The professors created an agent-based model that used two key assumptions to produce fads from what seemed like rational individual behavior. First, no business practices in the model were decisively beneficial; every idea was either “worthless or only slightly worthwhile,” Strang said. Second, managers attempted to imitate the most successful businesses around them without examining the least successful.
“You’re only responsive to the cases of extraordinary success around you,” Strang said. “You’re not being observant of failure.”
Strang said he has performed additional research to test the applicability of the model to the real world. He found that the behavior of management teams at a major bank closely matched the model’s key assumptions.
In addition to his work with Strang, Macy uses agent-based models to understand the destructive behavior of adolescents. The research, which won a grant from the National Science Foundation, examines how behaviors like underage drinking are reinforced even when most people involved hold misgivings about them.
“It’s understandable [that teens drink] given all the pressure they are feeling,” Macy said, “but where is that pressure coming from?”
“People’s public behavior is to pressure people to conform to the norm,” he said. “They not only drink but they participate in activities that clearly signal to others that they should participate.”

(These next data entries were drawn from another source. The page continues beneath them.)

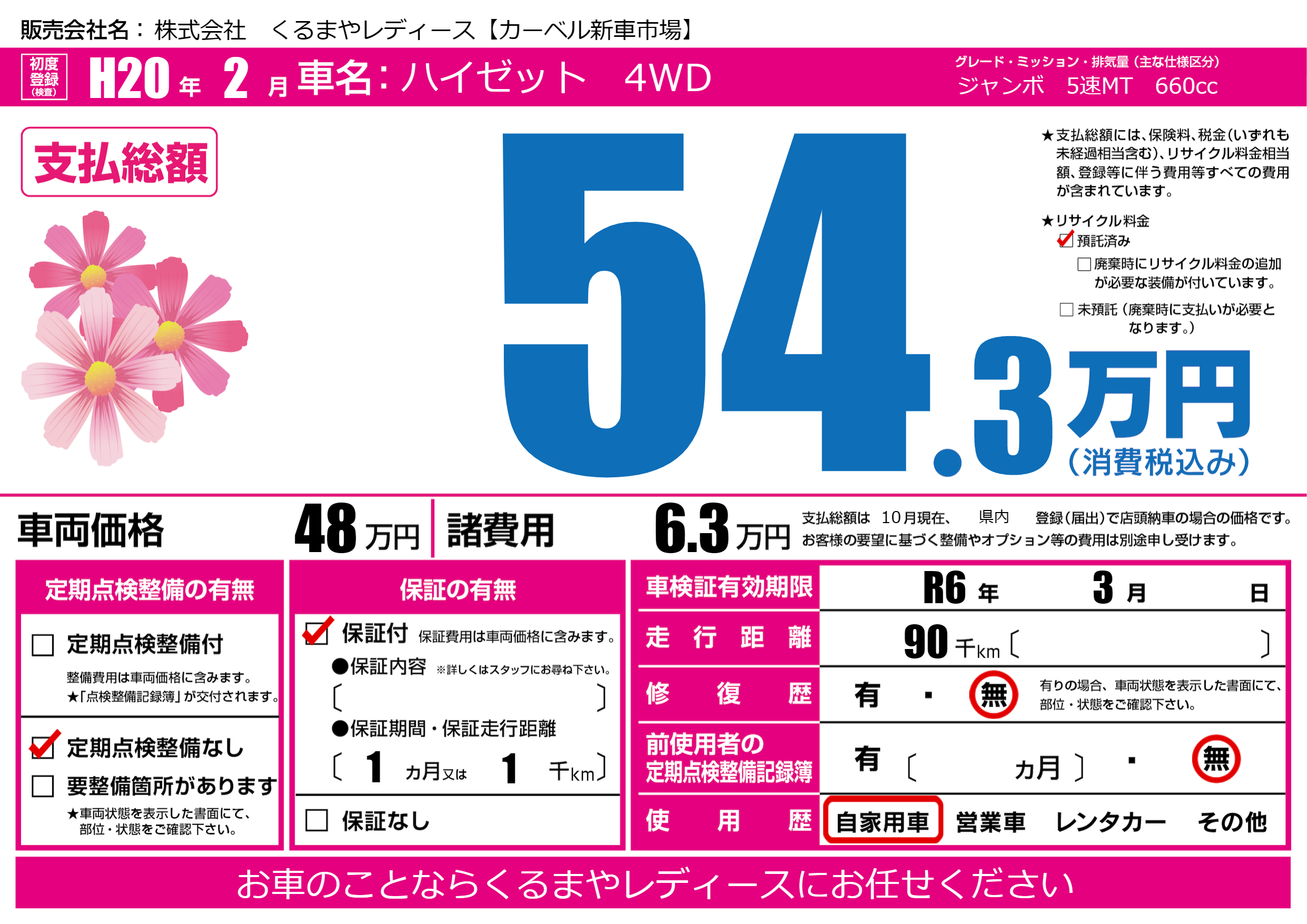 | 車名 | ハイゼット 4WD | グレード ミッション 排気量 |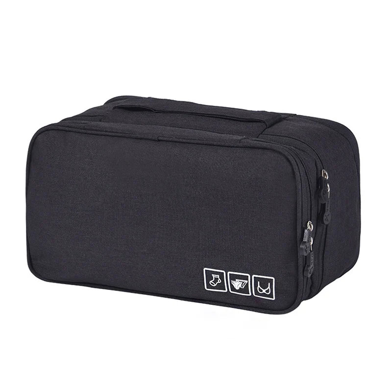 Keep your undergarments and lingerie neatly organized while traveling with this multi-layer divider bag. The dampproof material ensures your items stay fresh. Save space and easily pack your essentials with this portable organizer.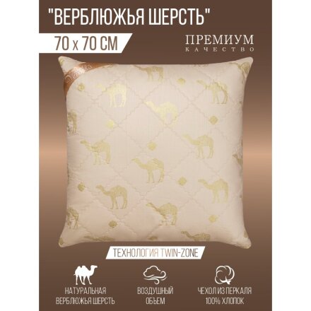 Подушка 70 х 70 см, Верблюжья шерсть, 170920/158933, чехол хлопок, Verossa
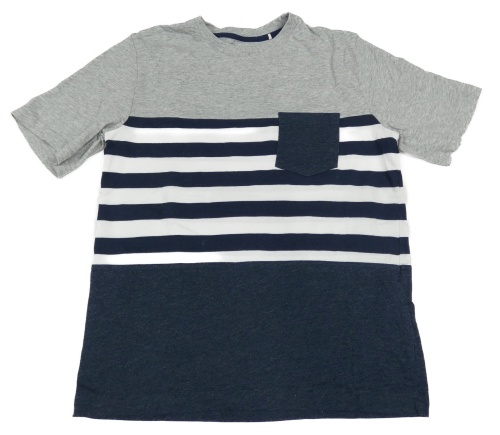 Tmavomodro-sivo-biele pruhované tričko s vreckom Yigga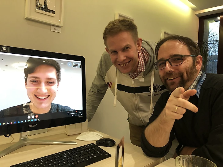 Где во время пандемии можно встретиться с немецкими футболистами и как, несмотря на локдаун, посетить Германию? Мне это удалось, ведь кафе «Moskau-Berlin», где состоялось интервью, находится в Посольстве Германии, то есть — на немецкой территории. И в представительстве этой страны есть люди, преданные футболу и посвящающие ему всё своё свободное время. Мои собеседники — работники Посольства Германии в Москве: сотрудник отдела культуры Николай Зизевский, врач Майк Хельмбрехт и практикант Вилли Штигер, который уже уехал из Москвы и потому принял участие в разговоре по видеосвязи. Все трое — игроки футбольной команды Посольства, Николай — её капитан.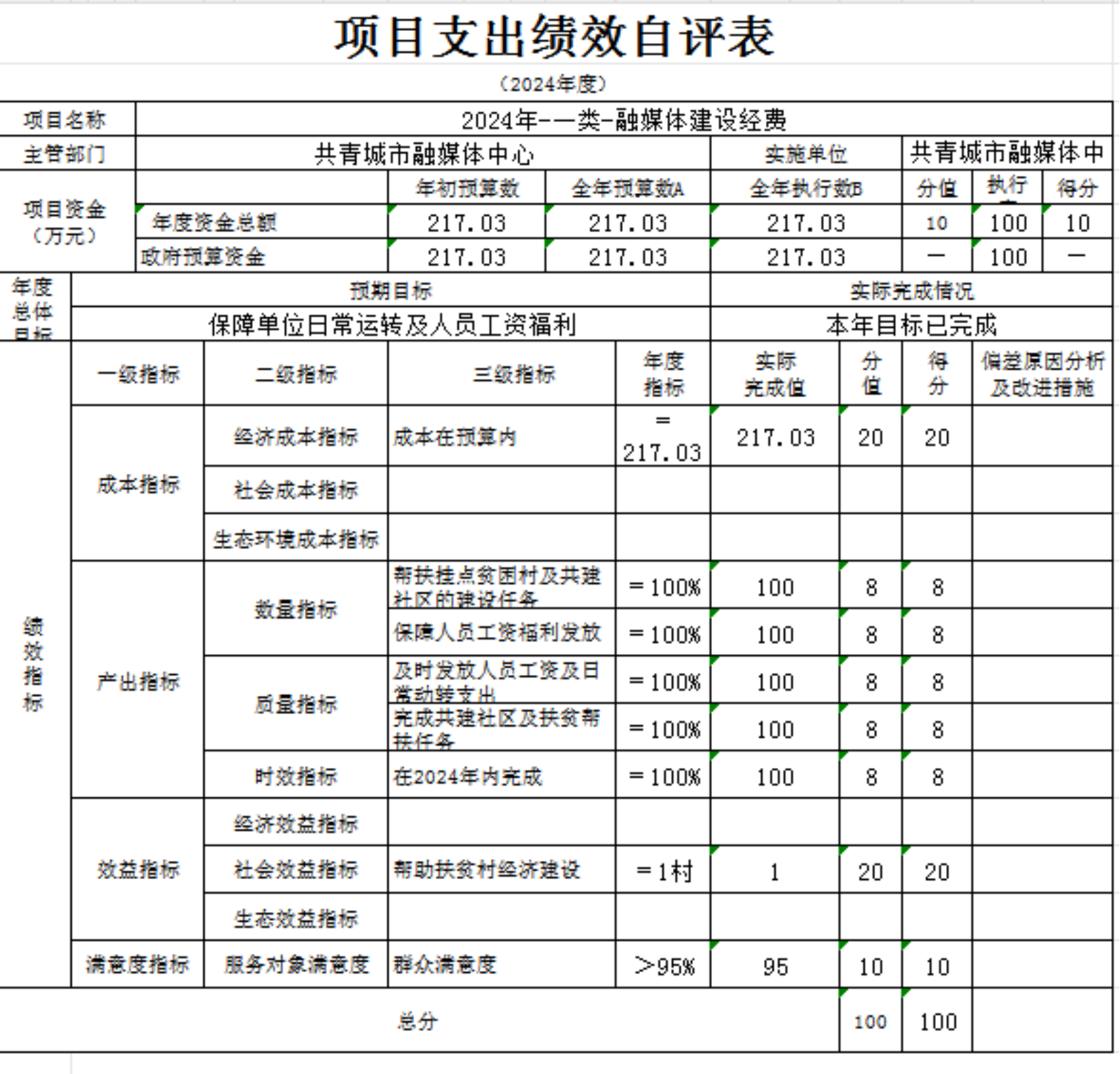共青城市融媒体中心(本级)“融媒体建设经费”“电视影响力提升经费” 等项目支出绩效自评结果如下: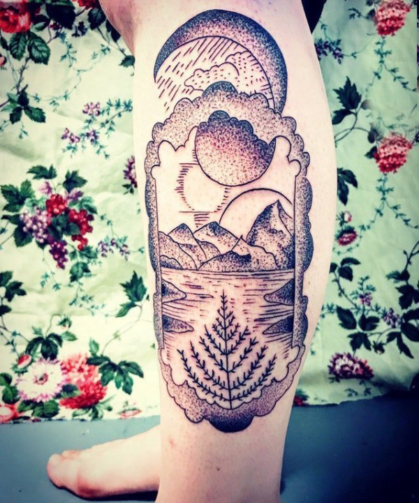 风景纹身 女生小腿上黑灰的风景纹身图片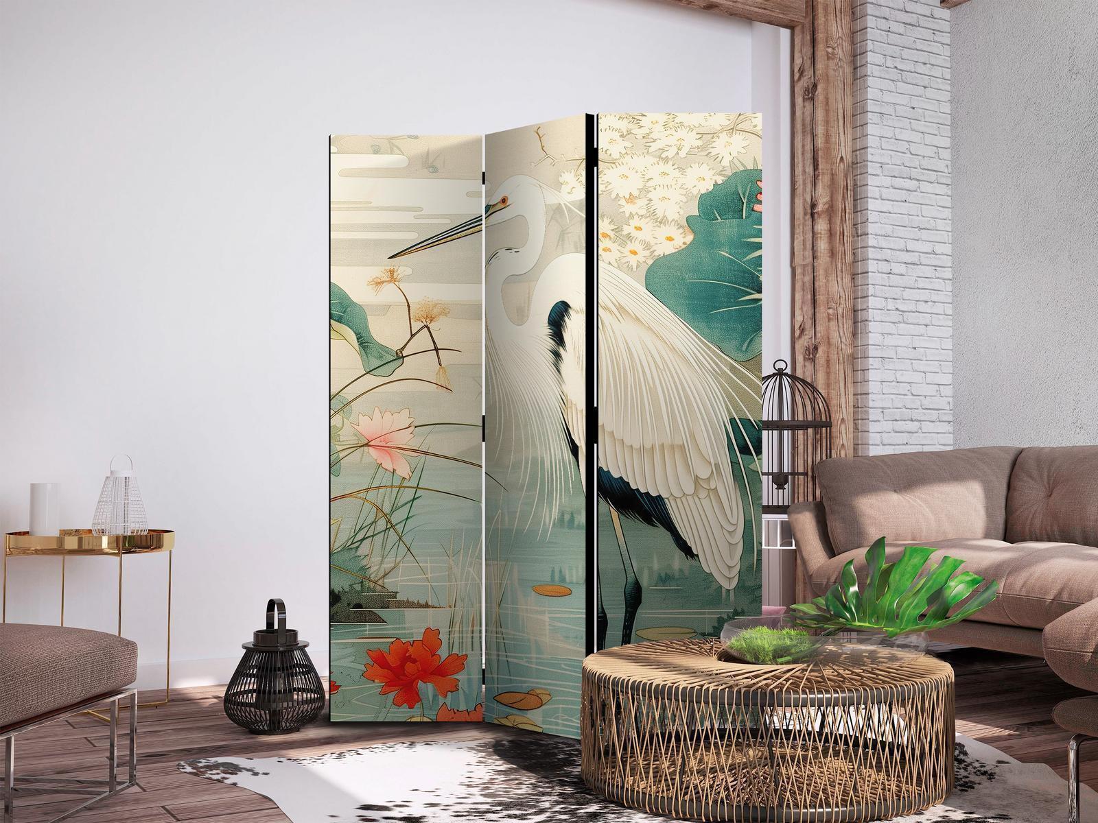 Paravent "Paravent - By an Asian pond - an illustration in the style of a Japanese engraving, depicting a heron"

Macy said such seemingly irrational behavior can again be explained from the bottom up, using agent-based models. In Macy’s model, individuals are only aware of the behavior in their own circle of friends. Given this social structure, widespread pressure can spread from a small number of “true believers,” those who genuinely wish to partake in the activity. If these “true believers” are distributed just right–not too dispersed or too clustered–a mere ten true believers in a population of 1,000 can lead to widespread adoption of behavior which most participants dislike.
“The enforcers [of the behavior] are more likely to be the people trying to prove their genuineness,” Macy said. “They greatly overestimate the extent to which others enthusiastically participate,” he said, and “they don’t want to be called a poseur.”
Steve Benard grad, studies political polarization with Macy. Their work shows how simple individual behavior, based entirely on perceptions of similarity to others, can lead to political polarization. “Just because society is complex doesn’t mean the rules society is built on are also complex,” Benard said.
“Agent-based modeling can be a great example of the benefits of doing interdisciplinary work. It can foster communication between different disciplines that wouldn’t otherwise be taking to each other,” Bernard added.
Although Macy has produced several major successes in his work, he says agent-based modeling is still a relatively unproven field. “It’s new enough that people are justifiably skeptical,” he said.
The models also have some important limitations. According to Macy, computational models are limited to predictions based on given rules and starting conditions. Other, more mathematical approaches can be generalized, but models such as Macy’s and Strang’s are specific to a particular set of parameters.
Nonetheless, both Strang and Macy expressed enthusiasm for the future of agent-based models. “They allow social scientists to be much more creative,” Strang said.
Strang also pointed out that exponential improvements in computing power will continue to expand the capabilities of agent-based models. “It will be able to be done on a larger scale and in greater sophistication over time,” Strang said.
Macy agreed. “It opens up some real exiting possibilities for the future of the social sciences,” he said. “Maybe agent models will turn out to be a fad just like the ones we study, but I doubt it.”